A review by nigellicus
By Sorrow's River by Larry McMurtry

5.0

We pause in our heedless wanderings to think and ponder and wrestle with relationships. Well not a pause in the journeying, but during the journeyings, between actually getting anywhere and anything else happening, we get our interlude of romantic complications. Or anti-romantic complications. Poor Tasmin, falling out of love with her fierce, taciturn, wandering husband, and into love with a gentle, passive, guide without a lustful bone in his body. It's a typicially McMurtrian triangle, where desire and personality and timing and opportunity and geography all fail spectacularly to harmonise, leaving everyone confused, miserable and tortured. And then Indians come along and torture them. Well, no. Maybe. Not for lack of trying.

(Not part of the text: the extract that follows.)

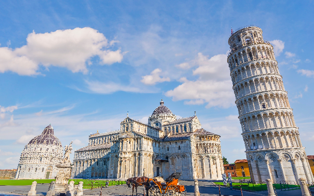 正式名稱為主教座堂廣場,廣場上有四大建築:比薩主教座堂、比薩斜塔、聖若望洗禮堂、洗禮堂墓園,各自相對獨立但又形成統一的羅馬式建築風格,這些以白色大理石打造的建築群在碧綠的草地襯托下,更顯獨特魅力,也是歐洲中世紀藝術的代表中心。

With more babies on the way and balloons in the air and smallpox on the river and a long dry walk, we must brace ourselves for the death to come, and come it does, and if we've had horror and brutality and senseless violence, McMurtry, like a literary conductor who has expertly woven individual themes out of familiar motifs, builds to a new and novel crescendo of actual heartbreak that leaves the reader sitting, fuming, knowing that you shoulda seen that coming, or something like it. God dammit. Now I've got to read the last book and I know he's got to top the ending of this one and I'M VERY WORRIED ABOUT THE BABIES.